Item Category | # TP in both | SCRIBE # FP | Registry # FP | SCRIBE # FN | Registry # FN |
---|---|---|---|---|---|
Patient Name | 217 | 2 | 15 | 0 | 0 |
Cardiologist Name | 43 | 2 | 188 | 0 | 0 |
PG Manuf. Name | 198 | 1 (correctable) | 16 (9 correctable) | 16 missing values | 1 |
PG Model Name | 81 | 4 (3 correctable) | 6 (4 correctable) | 1 | 3 |
Serial Number | 164 | 7 (4 correctable) | 42 (32 single character error) | 5 missing values (files) + 12 failures of the rule | 2 |
Mode | 84 | 0 | 46 wrong values | 102 missing values (files) | 0 |
Discussion
This study evaluates the feasibility and performance of a named entity recognition system based upon GATE and relying mostly on regular expressions for automated abstraction of selected information from free-text summary reports, in comparison to manual input in an electronic form. A limitation of this study is that the reference standard used in the evaluation step was created by a single domain expert. SCRIBE software achieved accuracy rates that are equal or superior to manual input by healthcare professionals for all categories except one (89 to 99.1 vs. 19 to 96.1), and higher positive predictive value for all categories. Sensitivity was generally higher in registry data, but equal for 3 categories. Other authors reported similar results in similar contexts, namely with ad hoc methods applied to narrow domains. Regular expressions achieved 90–98% sensitivity and comparable specificity on arterial blood pressure numeric data, but lower accuracy than SCRIBE [12]. Barrows [15] found that an ad hoc pattern matching method used upon ophthalmology visit notes had a better recall than a standard version of MedLEE, and 98% precision (vs. 100% for MedLEE). However, the combination of MedLEE and a pre-processor applied to pathology reports achieved rates equivalent to SCRIBE [16]. In [17], the authors reported 100% positive predictive value in the extracting of numeric data after using postprocessing algorithms. As in our approach, sensitivity was lower than positive predictive rate.
Errors belong to four categories:
Missing values (FN) in text reports represented 123 out of 139 FN cases for SCRIBE.
Typing errors (e.g., five occurrences of “5” instead of “S” in the registry) are responsible for 42 errors in the registry whereas only few typing errors occurred with SCRIBE (clerical personnel).

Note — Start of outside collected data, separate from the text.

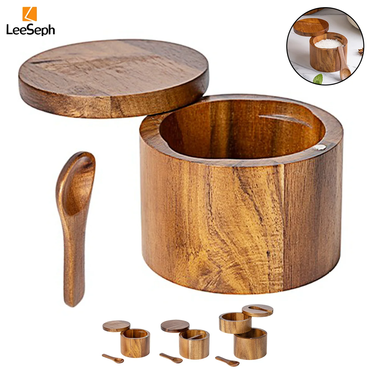 Leeseph Acacia Wood Salt or Spice Box with Swivel Cover, Perfect Spice Container for Kitchen, Close at Hand on Your Countertop
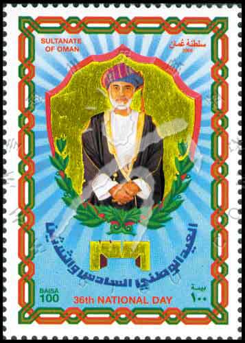 阿曼国庆36周年,苏丹卡布斯国王烫金像1全
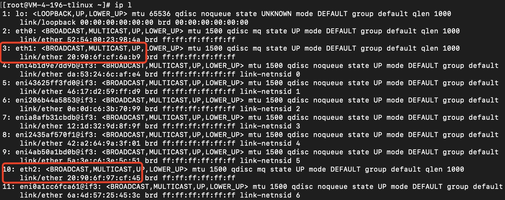 在节点上执行 ip link 可看到节点所有的网络设备信息,通过弹性网卡的 mac 地址比对,可知道其中弹性网卡对应的网络设备。一般情况下,eth0为主网卡,eth1、eth2等为辅助弹性网卡:
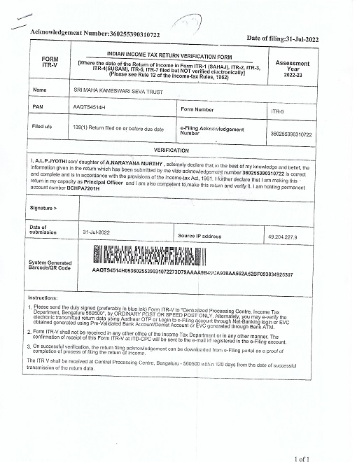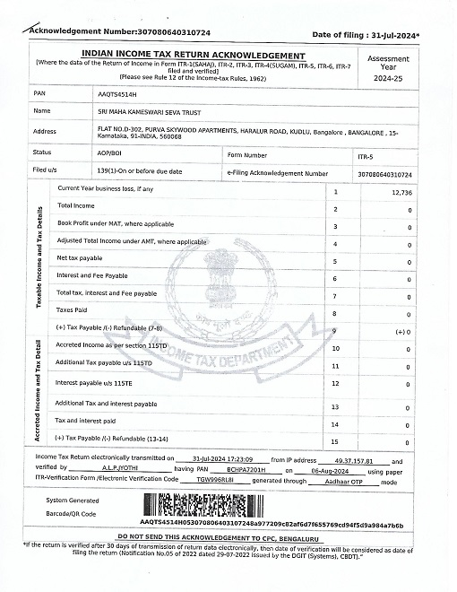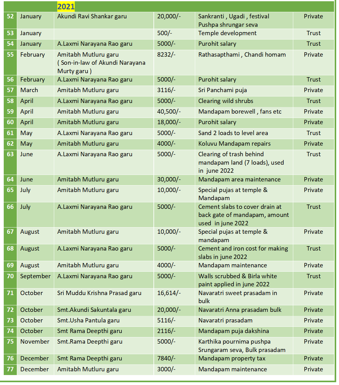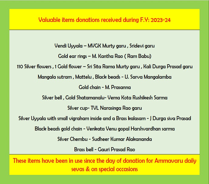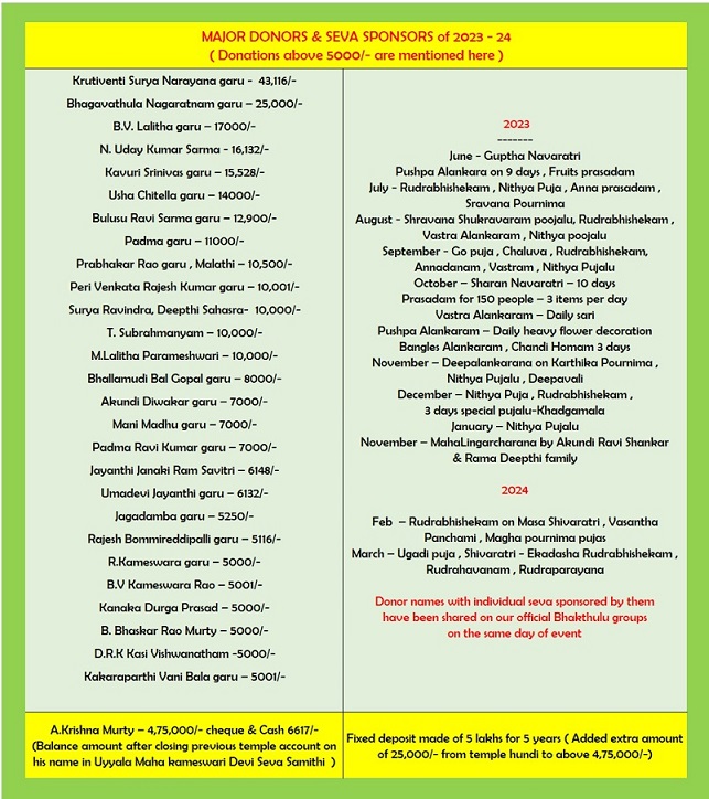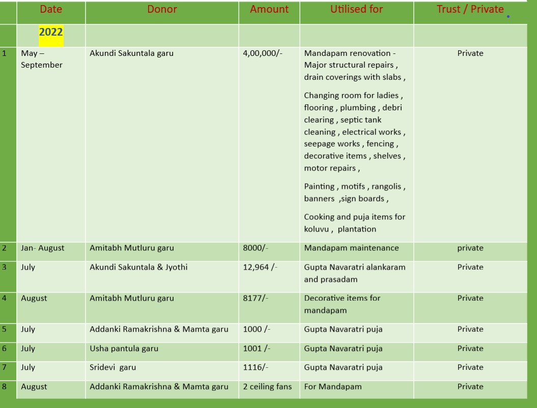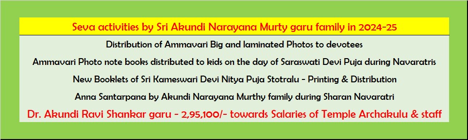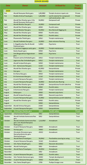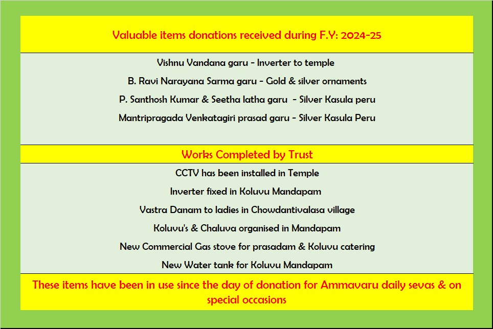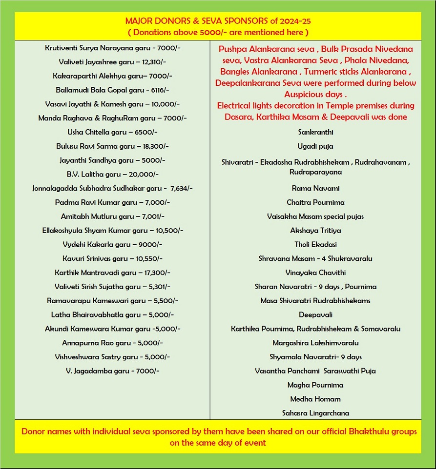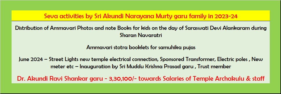 We pray for Ammavaru’s blessings on all our donors and their loved ones. We believe in maintaining transparency of public funds. We thank everyone who have contributed generously for Ammavaru's seva activities, temple development & maintenance.
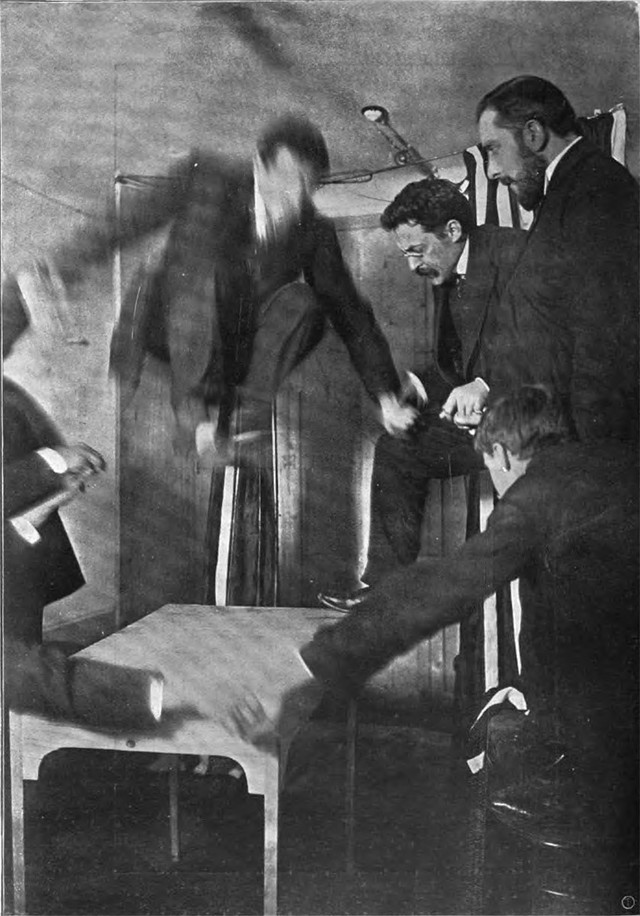 An illustration from The Annals of Psychical Science, vol. 7 (1908). The caption reads: "Giving heed to seducing spirits."

For the Cardiologist Name, a default value existed in the registry electronic form. This item was almost never correctly modified by health professionals, which caused 188 FP errors in the registry. For Stimulation Mode, 46 wrong values in the registry came from the fact that the correct mode could not be represented in NASPEE nomenclature, as this mode (AAI Safe R) is a modern combination of two modes (“AAI” and “DDD”), which could not be represented as a 5 letter code). This is a classic shortcoming of rigid systems.
12 mistakes were due to grammar failure (for example, “0” replacing “O” caused a grammar rule to mismatch). One regular expression in the SCRIBE algorithm is responsible for all these errors. They are due to the presence of free-text comments in twelve reports, which modified the sentence about the serial number. Because of the small training set, such cases were not detected.

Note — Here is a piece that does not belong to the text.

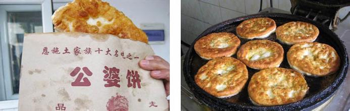 相传,在清朝乾隆年间湖北省鹤峰县一田姓大户人家新娶进门一儿媳妇,公婆饼回门次日按照土家族的习俗要求为公公婆婆进献亲手做的食物,公婆吩咐仆人给儿媳送来麦面二两,粟米少许,作料若干制作早餐。公公要求:“十兄弟每人得到一张饼,且饼与饼之间要互相连着”。婆婆要求:“十兄弟家里的婶婶及其子女都能尝到饼子的口味”。二两麦面制作十张大饼已属不易,还要上百人都尝到饼子的味道更为困难,但聪明过人的儿媳妇却巧妙地解决了公婆所提出的难题,创造了公婆饼,充分展示了其厨艺及其智慧。
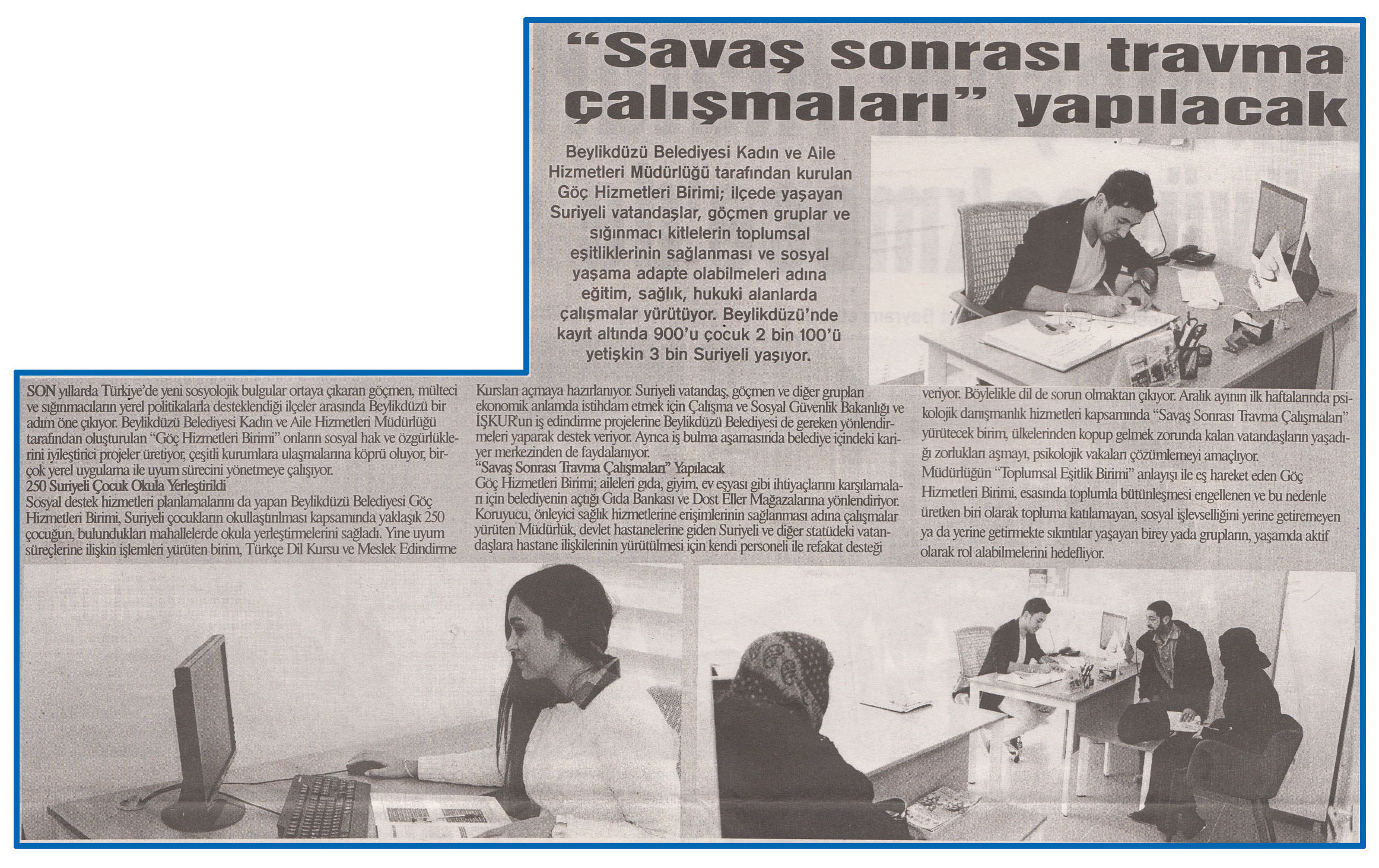 3 Kasım 2016 tarihli ''MARMARA'' gazetesinde. Beylikdüzü Belediyesi Kadın ve Aile Hizmetleri Müdürlüğü tarafından kurulan Göç Hizmetleri Birimi; ilçede yaşayan Suriyeli vatandaşlar,göçmen gruplar ve sığınmacı kitlelerin toplumsal eşitliklerinin sağlanması ve sosyal yaşama adapte olabilmeleri adına eğitim,sağlık,hukuki alanlarda çalışmalar yürütüyor.Beylikdüzü'nde kayıt altında 900'u çocuk 2 bin 100'ü yetişkin 3 bin suriyeli yaşıyor.

We used GATE as a development platform with three major benefits:
GATE is an open source framework, within which many multi-language NLP modules are already implemented and can be reused to save development resources.
Although our approach relies on term matching and on a regular expression based grammar, GATE possesses the capability to handle a more complex medical language processing system. HITEx, a NLP tool designed in Boston Harvard Medical School uses GATE to process medical narratives inthe field of asthma with promising results [18].
The graphical development environment and the edition of the rules needed no preliminary programming skills, and it was possible to train a domain expert to create the regular expressions. The whole process was reduced to less than one month for pacemaker implantation reports, which is tremendously faster than the conception of more complex NLP systems.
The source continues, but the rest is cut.